All records are to be transcribed in full; any pictures among them are to be skipped.

===== The data

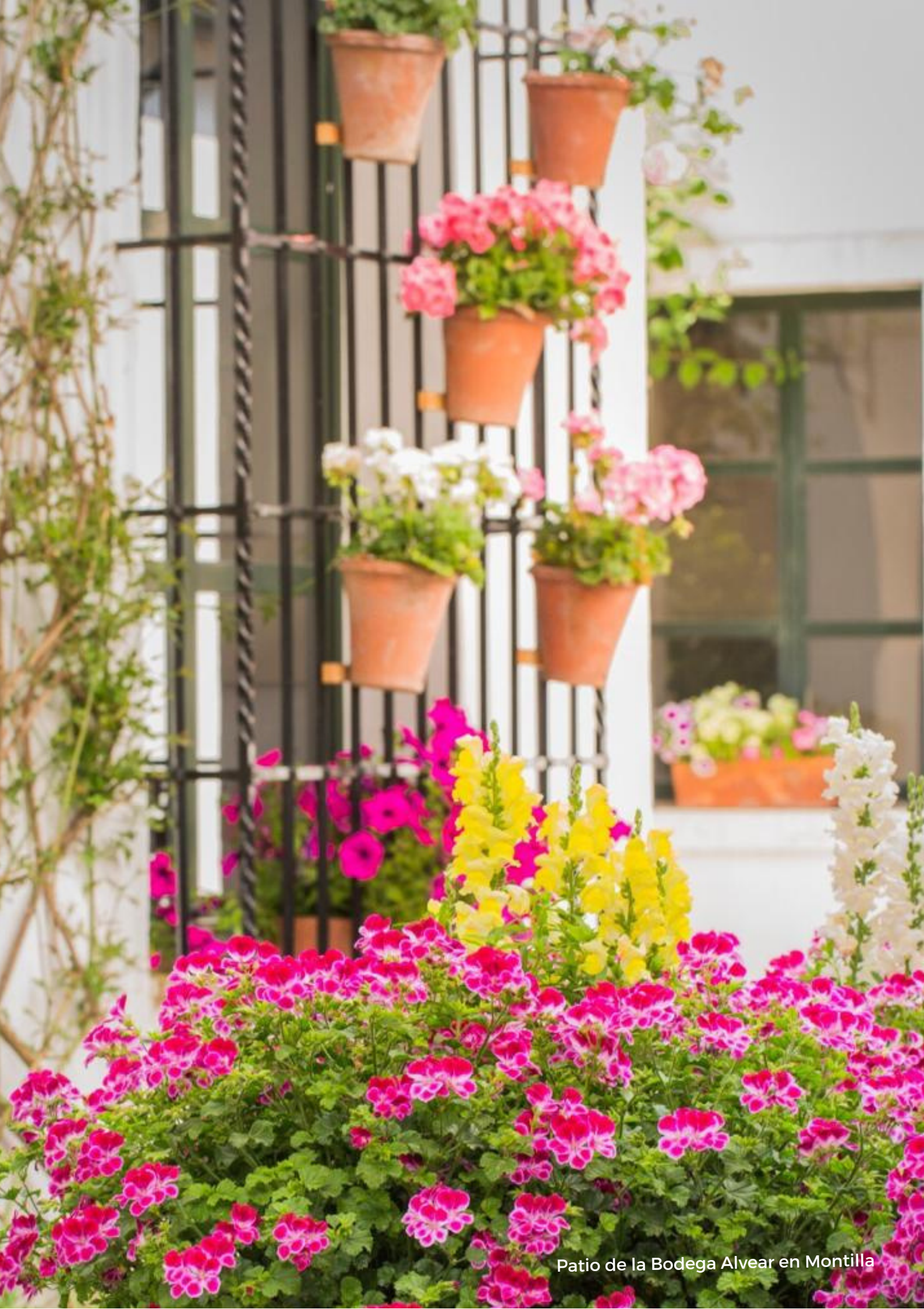
Patio de la Bodega Alvear en Montilla
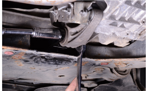
28. Tighten the bolt, securing the dogleg mount o the Direnza link mount.
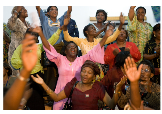
Congolese Women Rejoice after Signing Peace in Goma

In light of the escalation in violence this year, the UN brokered a peace deal in February 2013 in Addis Ababa and the International Conference on the Great Lakes Region (ICGLR) facilitated talks between the DRC and the M23 in Kampala. Mary Robinson highlighted the importance of the role of women in the peace process. 94 Despite these spoken promises and peace negotiations that brought together an impressive number of diplomats and heads of state, "the inclusion of women's voices in the formal process of peacemaking appears to have been limited."95
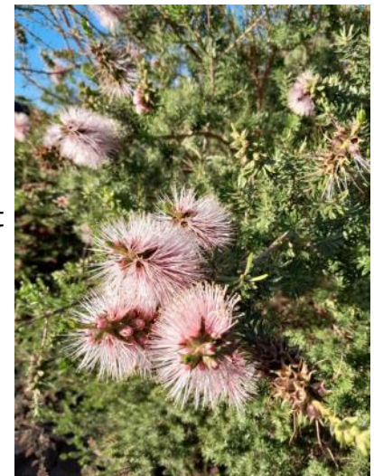
Kunzea baxteri pink form

==========

▶ [Response]:
Patio de la Bodega Alvear en Montilla
28. Tighten the bolt, securing the dogleg mount o the Direnza link mount.
Congolese Women Rejoice after Signing Peace in Goma

In light of the escalation in violence this year, the UN brokered a peace deal in February 2013 in Addis Ababa and the International Conference on the Great Lakes Region (ICGLR) facilitated talks between the DRC and the M23 in Kampala. Mary Robinson highlighted the importance of the role of women in the peace process. 94 Despite these spoken promises and peace negotiations that brought together an impressive number of diplomats and heads of state, "the inclusion of women's voices in the formal process of peacemaking appears to have been limited."95
Kunzea baxteri pink form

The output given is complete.